Dict mapping cutoff to fraction of residues within that cutoff

dict[float, float]

after optimal superposition.

gdt_ts

gdt_ts(model: Protein, reference: Protein) -> float

GDT-TS: the CASP standard metric for fold-level prediction quality.

Parameters:

Name Type Description Default
model Protein

The predicted structure.

required
reference Protein

The native / target structure.

required

Returns:

Type Description
float

GDT-TS in [0, 1]. Higher = better.

lddt_per_residue

lddt_per_residue(
    model: Protein,
    reference: Protein,
    *,
    inclusion_radius: float = 15.0,
    thresholds: tuple[float, ...] = _DEFAULT_THRESHOLDS,
) -> NDArray[np.float32]

Per-residue lDDT (the per-residue confidence pLDDT estimates).

Parameters:

Name Type Description Default
model Protein

Predicted structure.

required
reference Protein

Native / target structure.

required
inclusion_radius float

see :func:lddt.

15.0
thresholds tuple[float, ...]

see :func:lddt.

_DEFAULT_THRESHOLDS

Returns:

Type Description
NDArray[float32]

(n_residues,) float32 array.
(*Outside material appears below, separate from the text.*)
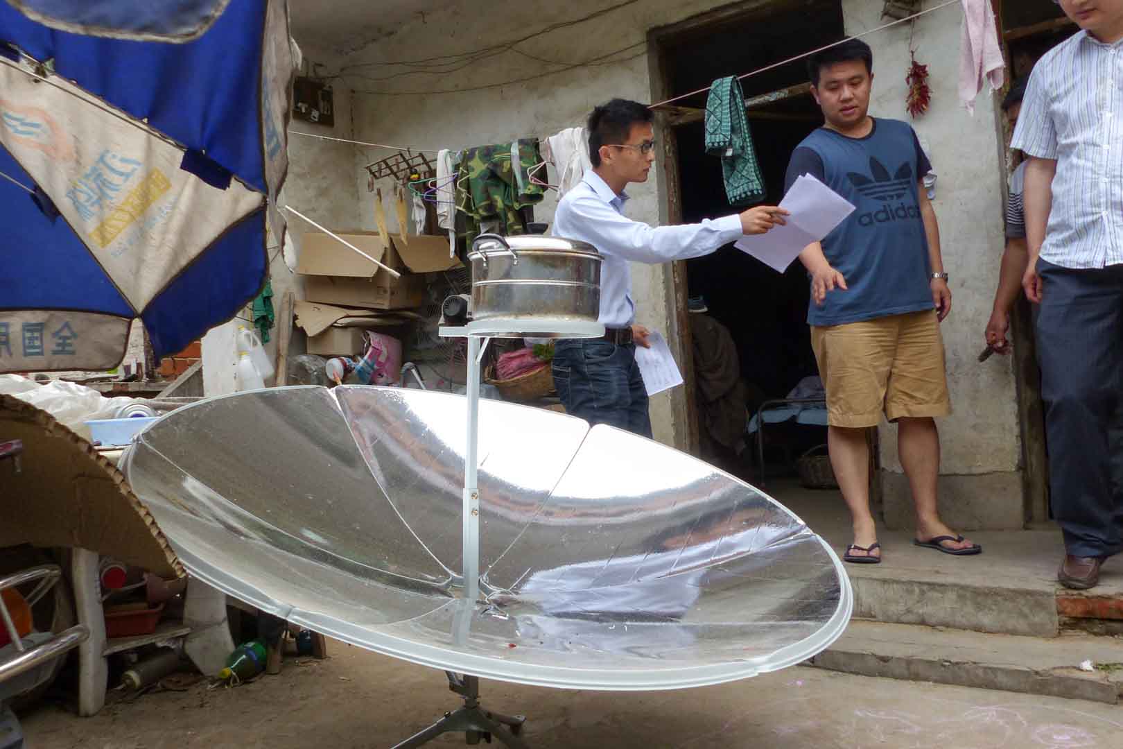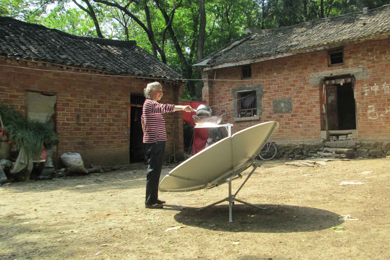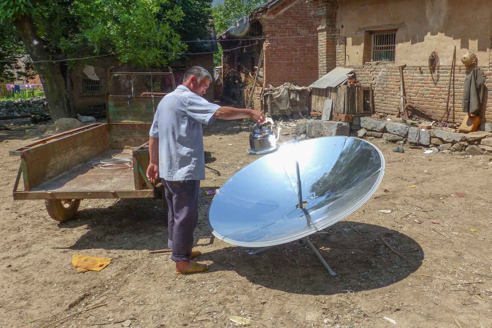 This project addresses these conditions by providing households with simple yet effective solar cookers. The devices operate using a parabolic mirror that concentrates sunlight directly onto the cooking pot, generating heat without the need for additional technology. Despite their simplicity, the benefits are substantial. Solar energy is freely available, clean and abundant in this region of China. As a result, indoor air pollution caused by smoke from coal stoves is significantly reduced.
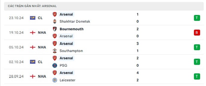 Bảng bóng đá trận đấu Arsenal vs Liverpool

Residues with no pair partners

NDArray[float32]

within inclusion_radius get NaN.

tm_score

tm_score(
    model: Protein,
    reference: Protein,
    *,
    normalize_by: str = "reference",
) -> float

Compute TM-score between two CA-aligned structures.

Parameters:

Name Type Description Default
model Protein

The model (predicted / candidate) structure.

required
reference Protein

The reference (target / native) structure.

required
normalize_by str

Length used to compute d0 and as the denominator in the TM formula:

  • "reference" (default) — match the reference's length. Use this for "how good is the prediction relative to the target".
  • "model" — match the model's length. Use when you want "how much of the model agrees with the reference".
  • "shorter" / "longer" — the convention in some papers; uses min/max of the two lengths.
'reference'

Returns:

Type Description
float

TM-score in [0, 1]. Higher is better.

Raises:

Type Description
ValueError

If the structures don't have equal CA counts.